I always argue that the demographics have changed because it's what the manufacturers are producing. We can't buy cars from Ford anymore because Ford doesn't make cars anymore. For example, my wife and I would have happily purchased another Taurus after the last one was totaled, but it's no longer available. Instead, we got a Hyundai Tucson. We looked at the 2015 - 2019 Explorers, but she said it was too big for her, so the Hyundai won.
I look at it like this: many people today who are our age 20 years ago are barely interested in cars at all. They're a better match for the automated appliances on wheels, vehicle-as-a-service snake oil of Tesla. There's definitely been a demographic shift. As older car enthusiasts stop driving, they're not getting replaced by new drivers who want the same thing.
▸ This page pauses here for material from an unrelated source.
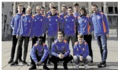
Die Leichtathleten des Johannes-Althausius-Gymnasiums Emden nahmen in Berlin am Bundesentscheid des Wettbewerbs „Jugend trainiert für Olympia“ teil und belegten einen tollen zwölften Platz. Nun gewannen sie die OZ-Sportlerwahl.

le mobilisiert: „Immer, wenn es sich ergab, haben wir die Sportlerwahl angesprochen.“

Our tastes are less likely to change and are probably fundamentally the same as they used to be, and we should be better off now than we were when we were younger. Theoretically, we should be able to afford to drop $80K on a Dark Horse. Not all of us want one (or any Mustang) though.
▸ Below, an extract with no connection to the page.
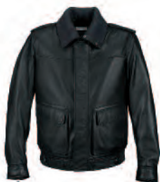
Lederjacke WAP 974 00S-3XL 0B EUR 890,00

Mit Kapuze und zwei seitlichen Einschubtaschen. Großer Porsche Schriftzug auf dem Rücken. 100 % Polyester. In Asphaltgrau. Größen: 92/98, 104/110, 116/122, 128/134, 140/146.
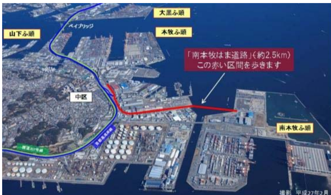
図-1 ウォーキング場所

※ウォーキングイベントの取材をご希望される報道関係者の方は、(別紙-4)取材要領をご確認のうえ、平成29年2月28日(火)18:00までに(別紙-5)取材申込書に必要事項をご記入いただき、FAXによりお申し込み下さい。

My opinion is that Ford abandoned cars because they weren't willing or capable of building a solid (define that how you want) car that touched on what people who still wanted Ford cars liked about them. I'm not sure what the hell that is, but Chevy's going through the same thing. Maybe decades of cost-cutting doesn't help your reputation when Honda and Toyota are out there and even shitbox Nissan Altimas are perceived as better.
Then if you want the upscale experience that our older selves may want or afford, you look to Germany. Lincoln was dead after the Town Car which was propped up by livery services. Probably even before that because they had no successor planned to even keep that market. At least Cadillac had plans and leveraged the Corvette and Camaro engineering teams' work.
If you ask me, I'd probably say that Ford lost me after their last chance at a respectable sedan, the Taurus, ended up having the dimensions of a whale and the interior room of something much smaller than that. This is no joke—I completely wrote off the fourth gen SHO because I couldn't stack it and the Thunderbird on my lift. Realistically though, how seriously was I considering one? Not very. It was a distant fifth on my list up until that point. It failed at all the things that made the third gen SHO a cult classic, and we know that had nothing to do with looking like a jellybean.
In reality though, Ford lost me after the Terminator Cobra because the only sedans I wanted from them were made in Australia. But even then, I would have only counted as one potential customer.